I see so many posters rooting for them to bad ratings, go broke, lose in their court battles...
I know that the easy answer is because it fractures the boxing game more, and in the process there are some fights that cant be made, but then why not blame all the parties responsible for refusing to work with each other?
Whats become painfully obvious to me that there are too many fighters/fights out there for just ONE network. HBO has a tight/shrinking budget. They only have so many dates to give. The math doesnt add up.
So unless we want all the big name fighters to start taking paycuts and the undercard fighters fight for peanuts, the fact is that there needs to be more then one successful boxing outlet.
What say you?
PBC succeeding would lead to the end of boxing on HBO, cutting to the quick; basically an end to the way boxing has been presented in the US for the last 30 years.
"One network" having all of the fights isn't as impossible as one would think; just look at how HBO handled things post Tyson-Lewis. It's just going to require the budget being there, and likely tiered-channels.
Just imagine: CBS/Showtime gets the full PBC deal, with no shows anywhere else
-10 primetime fight cards on CBS(biggest showdowns/marketable fighters)
-20 Saturday afternoon fight cards on CBS(solid fight cards)

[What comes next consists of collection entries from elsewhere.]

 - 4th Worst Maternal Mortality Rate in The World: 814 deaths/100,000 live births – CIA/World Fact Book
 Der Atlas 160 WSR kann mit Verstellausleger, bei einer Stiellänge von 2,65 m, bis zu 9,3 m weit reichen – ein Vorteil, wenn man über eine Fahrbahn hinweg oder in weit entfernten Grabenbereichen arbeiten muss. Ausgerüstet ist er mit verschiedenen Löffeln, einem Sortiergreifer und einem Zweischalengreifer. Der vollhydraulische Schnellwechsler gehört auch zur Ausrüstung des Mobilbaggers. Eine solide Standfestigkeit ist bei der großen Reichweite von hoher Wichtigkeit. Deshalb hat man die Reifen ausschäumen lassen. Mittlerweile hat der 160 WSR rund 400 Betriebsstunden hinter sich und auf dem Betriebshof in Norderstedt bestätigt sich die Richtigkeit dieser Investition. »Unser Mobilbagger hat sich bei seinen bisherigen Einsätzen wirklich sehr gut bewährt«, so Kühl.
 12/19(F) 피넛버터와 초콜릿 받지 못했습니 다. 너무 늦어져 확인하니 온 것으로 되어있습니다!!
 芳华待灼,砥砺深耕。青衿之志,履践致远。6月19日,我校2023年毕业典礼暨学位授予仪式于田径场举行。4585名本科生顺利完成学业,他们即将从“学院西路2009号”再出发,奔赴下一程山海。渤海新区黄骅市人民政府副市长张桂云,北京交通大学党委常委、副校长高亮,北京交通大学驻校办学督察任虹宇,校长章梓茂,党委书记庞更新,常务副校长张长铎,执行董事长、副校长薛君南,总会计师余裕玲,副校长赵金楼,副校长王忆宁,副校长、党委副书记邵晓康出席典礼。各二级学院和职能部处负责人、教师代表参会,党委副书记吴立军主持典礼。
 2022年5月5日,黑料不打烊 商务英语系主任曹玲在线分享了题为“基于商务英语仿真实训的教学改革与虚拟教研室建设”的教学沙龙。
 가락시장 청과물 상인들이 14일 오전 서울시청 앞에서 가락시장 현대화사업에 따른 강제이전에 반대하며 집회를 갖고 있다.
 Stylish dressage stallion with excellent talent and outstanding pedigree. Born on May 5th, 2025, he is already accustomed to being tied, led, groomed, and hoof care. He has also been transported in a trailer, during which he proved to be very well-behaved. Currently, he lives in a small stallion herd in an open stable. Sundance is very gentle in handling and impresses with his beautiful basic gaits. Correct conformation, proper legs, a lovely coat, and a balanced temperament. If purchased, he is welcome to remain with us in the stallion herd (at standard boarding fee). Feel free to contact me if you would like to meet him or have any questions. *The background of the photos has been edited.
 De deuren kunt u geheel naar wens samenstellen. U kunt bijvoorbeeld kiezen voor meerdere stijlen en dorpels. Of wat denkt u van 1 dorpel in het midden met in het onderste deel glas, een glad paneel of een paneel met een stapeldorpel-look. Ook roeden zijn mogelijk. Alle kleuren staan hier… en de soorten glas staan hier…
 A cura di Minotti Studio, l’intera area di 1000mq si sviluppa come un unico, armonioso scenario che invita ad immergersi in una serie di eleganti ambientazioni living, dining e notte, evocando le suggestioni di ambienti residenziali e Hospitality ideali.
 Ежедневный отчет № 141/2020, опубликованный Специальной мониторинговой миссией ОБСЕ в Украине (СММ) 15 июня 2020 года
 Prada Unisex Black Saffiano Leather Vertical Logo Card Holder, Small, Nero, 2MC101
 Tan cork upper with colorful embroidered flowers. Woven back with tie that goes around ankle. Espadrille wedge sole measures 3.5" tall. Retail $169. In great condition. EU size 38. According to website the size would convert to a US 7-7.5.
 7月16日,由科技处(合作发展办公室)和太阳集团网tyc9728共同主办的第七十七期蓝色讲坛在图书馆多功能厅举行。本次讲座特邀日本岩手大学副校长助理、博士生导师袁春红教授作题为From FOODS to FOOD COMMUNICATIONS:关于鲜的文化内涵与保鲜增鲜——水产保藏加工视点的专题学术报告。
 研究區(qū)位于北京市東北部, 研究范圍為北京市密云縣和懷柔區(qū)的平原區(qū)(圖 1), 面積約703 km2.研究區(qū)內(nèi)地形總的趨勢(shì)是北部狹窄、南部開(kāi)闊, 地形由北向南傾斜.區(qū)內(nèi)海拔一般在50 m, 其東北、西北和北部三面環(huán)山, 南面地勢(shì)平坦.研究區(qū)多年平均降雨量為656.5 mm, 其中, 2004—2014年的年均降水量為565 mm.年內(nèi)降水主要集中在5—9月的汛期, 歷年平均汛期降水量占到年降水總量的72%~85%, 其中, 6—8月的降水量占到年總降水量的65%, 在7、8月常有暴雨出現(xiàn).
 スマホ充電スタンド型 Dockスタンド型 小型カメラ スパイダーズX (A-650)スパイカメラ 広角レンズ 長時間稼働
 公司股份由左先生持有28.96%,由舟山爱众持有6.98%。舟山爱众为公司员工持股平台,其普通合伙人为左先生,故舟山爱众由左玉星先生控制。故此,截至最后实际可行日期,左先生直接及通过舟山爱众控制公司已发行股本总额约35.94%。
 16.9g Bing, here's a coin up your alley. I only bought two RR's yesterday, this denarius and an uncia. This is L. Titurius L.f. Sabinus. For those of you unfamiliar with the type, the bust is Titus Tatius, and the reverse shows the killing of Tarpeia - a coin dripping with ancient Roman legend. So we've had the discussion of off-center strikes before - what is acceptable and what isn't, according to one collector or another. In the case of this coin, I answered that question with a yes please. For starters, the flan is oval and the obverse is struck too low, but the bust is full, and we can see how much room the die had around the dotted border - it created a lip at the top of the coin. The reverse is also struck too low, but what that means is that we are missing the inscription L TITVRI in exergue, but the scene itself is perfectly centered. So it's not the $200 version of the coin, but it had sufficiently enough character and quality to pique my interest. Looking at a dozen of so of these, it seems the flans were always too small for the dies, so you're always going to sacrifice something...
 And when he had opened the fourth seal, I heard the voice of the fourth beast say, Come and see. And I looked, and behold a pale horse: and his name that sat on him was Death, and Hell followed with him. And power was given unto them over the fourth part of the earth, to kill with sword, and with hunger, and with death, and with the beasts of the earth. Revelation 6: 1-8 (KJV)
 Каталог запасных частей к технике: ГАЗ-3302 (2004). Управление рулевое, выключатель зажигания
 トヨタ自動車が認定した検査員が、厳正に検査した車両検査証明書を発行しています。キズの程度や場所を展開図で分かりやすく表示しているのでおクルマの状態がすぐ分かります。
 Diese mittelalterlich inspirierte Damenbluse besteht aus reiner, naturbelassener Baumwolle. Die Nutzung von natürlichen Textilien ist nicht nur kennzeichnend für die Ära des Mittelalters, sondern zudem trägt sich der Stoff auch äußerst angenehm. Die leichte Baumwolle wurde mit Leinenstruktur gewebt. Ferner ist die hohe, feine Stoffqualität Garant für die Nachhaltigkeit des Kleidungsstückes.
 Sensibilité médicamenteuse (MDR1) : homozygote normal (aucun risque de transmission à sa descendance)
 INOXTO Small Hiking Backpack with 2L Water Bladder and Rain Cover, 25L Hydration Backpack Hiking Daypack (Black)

-10 fight cards on CBS Sports/support programming for all PBC fights
-10 fight cards on SHO (schedule when football starts/1-2 PPV fights)
-another 10-15 ShoBox cards
With Floyd/Pacquiao/Cotto/Klitschko on their way out, you might be looking at 2-3 fighters who command over $2m to fight; adding the expanded sponsorship opportunities by being on terrestrial TV, the side money deals are likely to be more.
a boxing fan's dream, tbh (for the cost of shelling out for maybe 1-2 PPVs a year, and the cost of carrying Showtime, a fight fan could have a big night of fights every month, most weekends with quality fights on, and enough straight-up fights to satiate any hardcore fan.
Al haymon, who has pretty much never did an interview and is paying fighters well (they all say it) is somehow ruining boxing and is g@y, Ive never understood the logic. al gaymon??????? how tacky n lame!
SIMPLE...Because their favorite fighter is not with them, they favorite fighter is on HBO
This is what the Mayweather vs Pacquiao ERA produced, these new "Pick A Side And Bash The Other Side" type of fans. Then you have grown Men within the Boxing Media who placate to those Simple Minded Fans causing even more of a Division between Boxing Fans.
I Support all formats regardless if it is HBO or PBC and I watch and support all Promotions Events because I am a BOXING FAN!